Burning fossil fuels creates carbonic acid and increases the ocean’s acidity, which can lead to consequences such as weakened coral reefs, harm to shellfish, and impacts on the entire marine food web.
Knor and co-authors analyzed a 35-year record of ocean carbon measurements made by the Hawaiʻi Ocean Time-series program throughout the entire water column—from the surface to nearly three miles deep—at the open ocean field site 60 miles north of Oʻahu at Station ALOHA.

They found that in all layers, there are increases of carbon from natural decomposition of sinking organisms. In some layers, accelerated acidification is associated with fresher and colder waters. Their discovery was published in the “Journal of Geophysical Research: Oceans.”
“Deeper waters are already naturally quite acidic in the North Pacific, so quickly increasing acidity could negatively impact plankton species and other organisms that live below the surface,” Knor said. “In the long run, these changes in ocean chemistry also make it harder for the ocean to keep taking up more CO₂ from the atmosphere.”

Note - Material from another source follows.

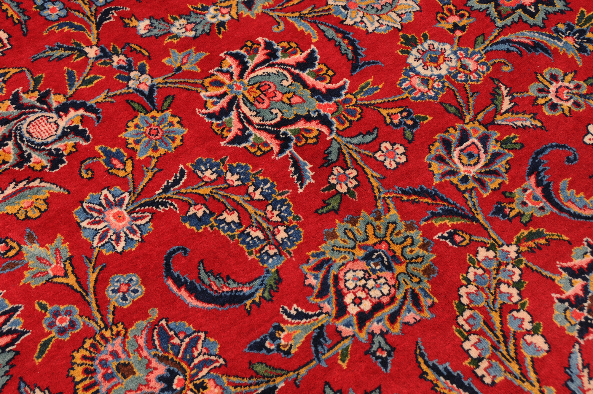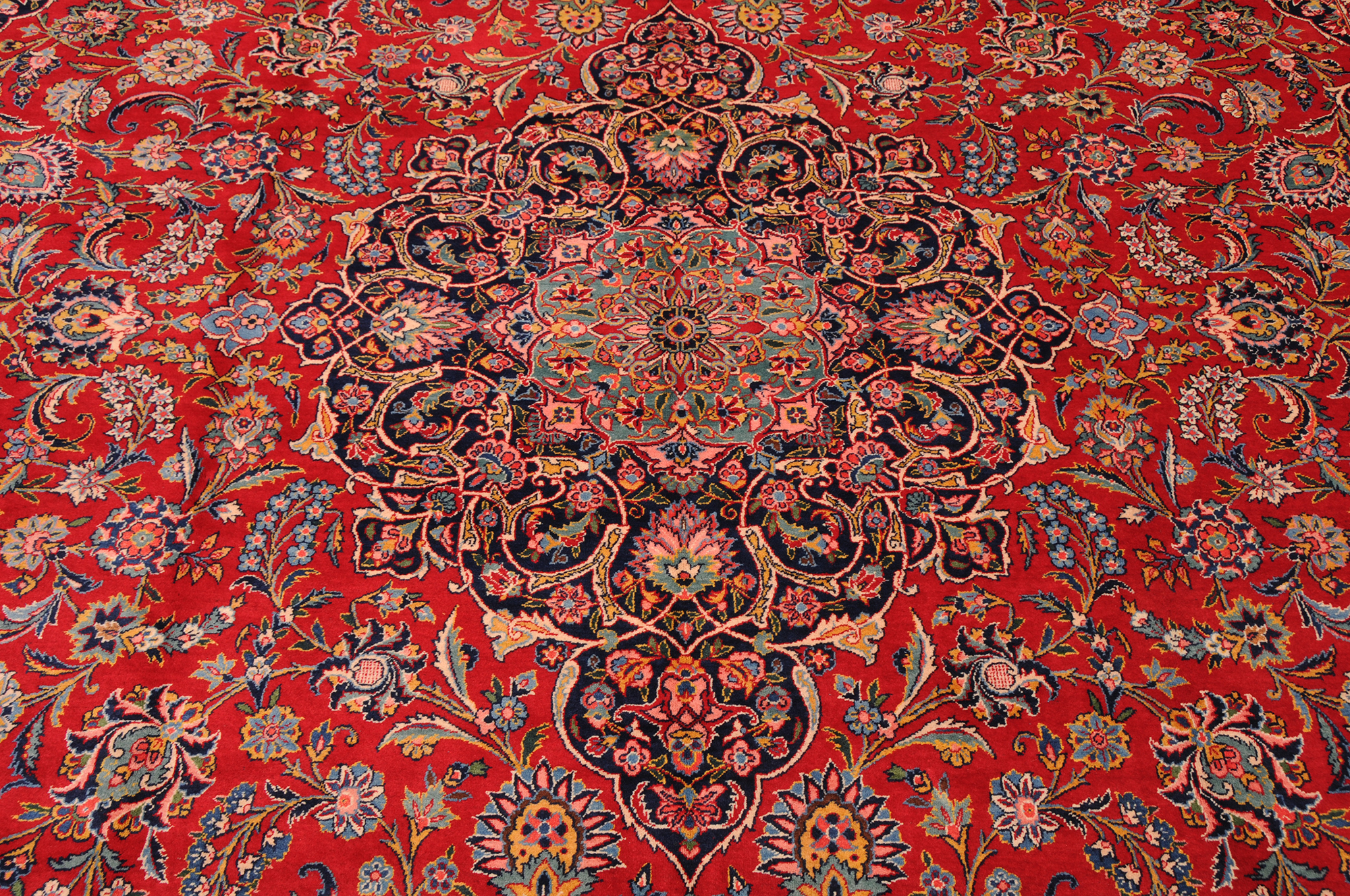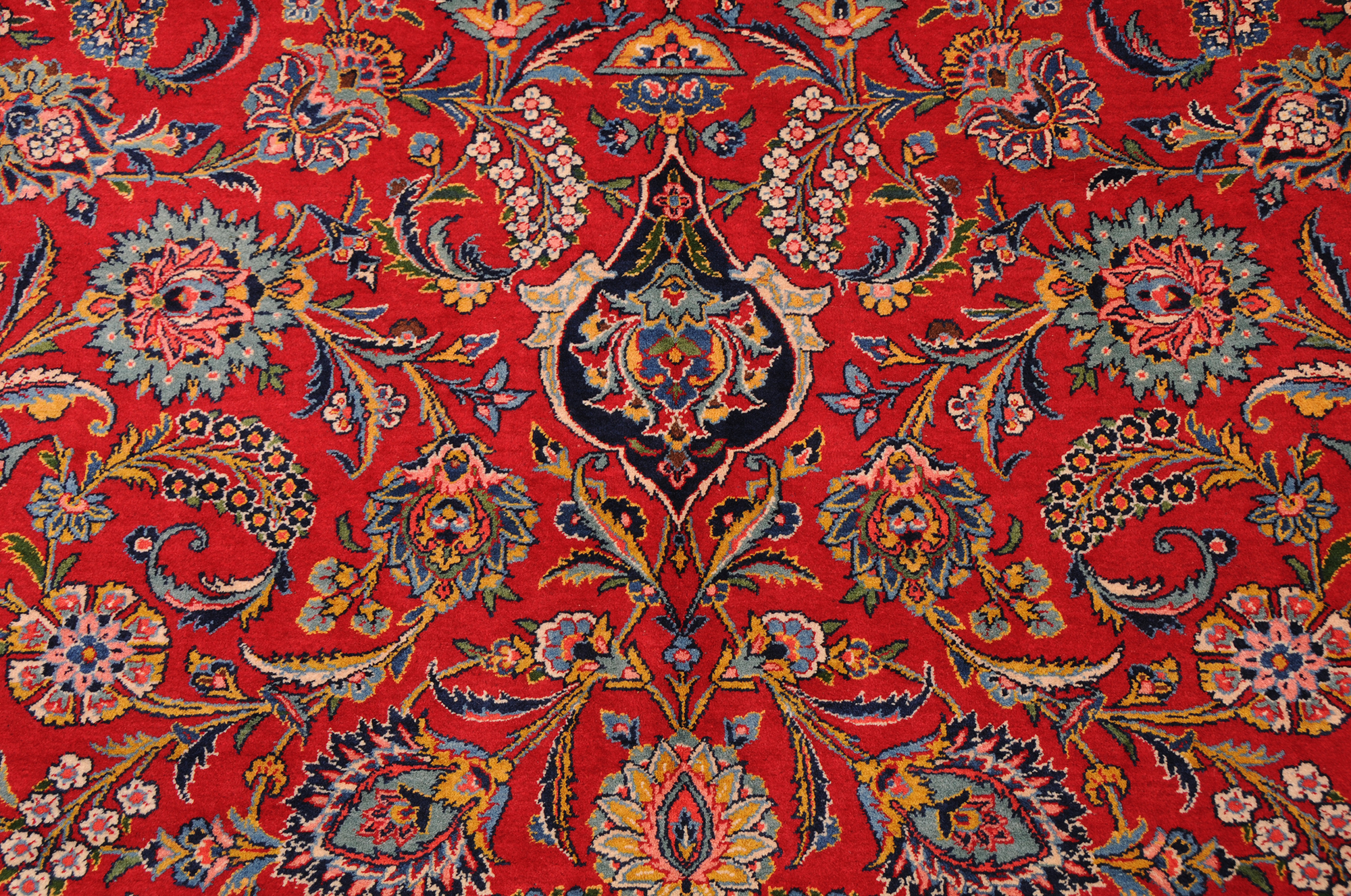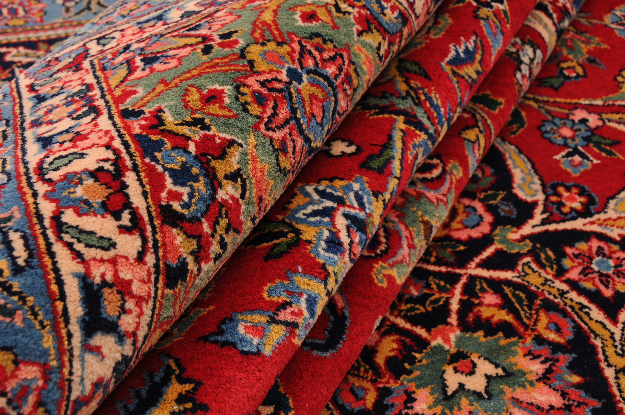You are looking at a 60-70-year-old, Persian Kashan rug measuring 10’8″ x 13’7″ with an exquisite floral design. It is made of 100% wool pile with a cotton foundation that is incredibly soft to the touch. The colors are stunning, with the beautiful colors of blue, red, peach, green, and brown. With the intricateness of the design, it took approximately 722 days to knot this masterpiece at approx. 361 KPSI.

Researchers, fisheries managers, and coral conservationists are concerned with the combined impacts of ocean acidity events and marine heat waves, which have increased due to unusual conditions in the ocean and atmosphere, and strong, multi-year El Niño events.
Subsurface waters at Station ALOHA are formed farther north in the Pacific, so changes in seawater properties impacted by evolving environmental conditions in other areas of the North Pacific are then transported by ocean currents into the deeper layers of the ocean around Hawaiʻi.
“We illustrate that regional-scale changes in source water chemistry and circulation are substantial drivers of the subsurface intensification of ocean acidification around Hawaiʻi,” said Christopher Sabine, co-author of the article and School of Ocean and Earth Science and Technology oceanography professor.
Currently, the research team is investigating the carbon specifically from human-made sources in the water column at Station ALOHA and how that is changing over time in different layers.